Minibikes that Tonodeo repaired for neighborhood kids screamed up and down McKinley. Footballs soared. Hennessy cognac flowed. Smoke billowed from 50-gallon-drum barbecues. Hip-hop pulsed from 8-foot-high speakers. Elderly ladies, a few in wheelchairs, told tender stories about Baby Marcus and Big Meechie.
"There's big love here tonight, but we should be doing this for someone getting married, not for someone who passed," said Larry Honore, 45, whose niece Nichole recently gave birth to Tonodeo's son, Marcus III. "We have enough wars going on. We shouldn't be having a war here."
Tonodeo was special to the kids near the corner of McKinley and Colden. Tonodeo had recently bought minibikes for his 11-year-old brother, Xavier, and himself.
"Marcus would fix my minibike and make it go faster," said neighbor Gary Winters, 11, as he nervously chewed on a yellow straw. "He was like another big brother to me. He taught me how to ride. But he made sure I didn't get hurt."
Tonodeo, a recreational aide at 99th Street Elementary School, and Coleman, who worked at Hollywood Park Casino, were often together.
Twelve days ago, the two were driving at 12:30 p.m. when another car approached at 88th Place and Wall Street. Two men, armed with assault rifles, opened fire, quickly killing Coleman. Tonodeo tried to run. He was chased and knee-capped. Then the assailants, apparently gang members, stood over him, riddling his body with bullets.
"They need to go round up all these gangbangers that want to shoot people and send them off to Iraq," said Elizabeth Taylor, a family friend. "If you can't go out at 12 o'clock in the afternoon, when can you go out?"
Police have yet to make any arrests. Anyone with information on the killings can anonymously call (213) 485-6902.
"This was an unusually vicious killing, for no apparent reason," said Los Angeles Police Department homicide Det. Chris Barling. "There is nothing at all to suggest the victims were personally targeted. They weren't gang members. It's just so horrible for the kids. They just lost another coach."
The future of the Clippers is unknown.
One of them, Michael Mathis, 14, leaned against a fence and spoke quietly about his coaches. He was nearly drowned out by the giant speakers.
"Salim motivated us and Marcus was a good friend, but, man, he hardly had any time with us," he said. They have two games remaining this season and James Dawson, Salim's father, has taken over as coach.
"They want to play the rest of the season out," said Dawson, 52, who called Salim the perfect son. "After Salim was shot, they were really down. But after Marcus died too, it was like the team was in shock. It seemed liked they just couldn't accept it."

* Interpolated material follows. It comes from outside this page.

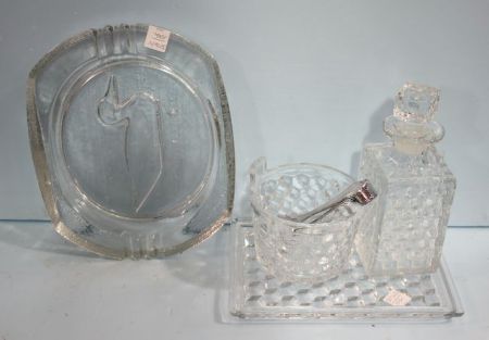 Four Pieces of Press Glass, which include; ice bucket, large ash tray (with duck) 11 1/2" w., rectangular tray 10 7/8" l., decanter, Richard North Patterson "Fall From Grace" Four Pieces of Press Glass, which include; ice bucket, large ash tray (with duck) 11 1/2" w., rectangular tray 10 7/8" l., decanter, Richard North Patterson "Fall From Grace"
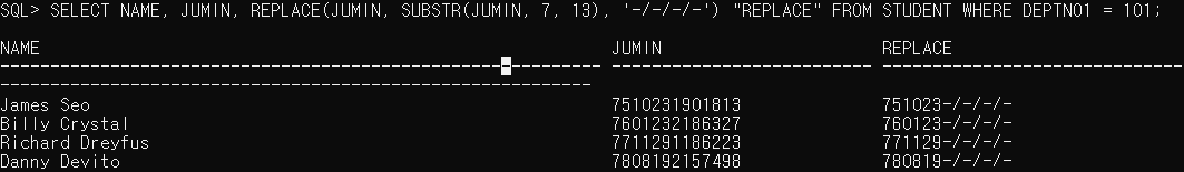 퀴즈 2. STUDENT 테이블에서 아래와 같이 1전공(DEPTNO1)이 101번인 학생들의 이름과 주민등록번호를 출력하되 주민등록 뒤 7자리는 '-' 와 '/'로 표시되게 출력하세요

As darkness fell on Wednesday's celebration, a large poster board with Baby Marcus' picture in the center was placed under a small spotlight in a frontyard. Surrounding the image of a grinning Marcus were scores of signatures and farewells.
A little 7-year-old boy, Bashie, scribbled his name on the poster and stared at the picture.
"He was my friend and my cousin," Bashie said. "He was always playing with me. Mister, I'm really sad. But, it makes me feel kinda happy to see his picture."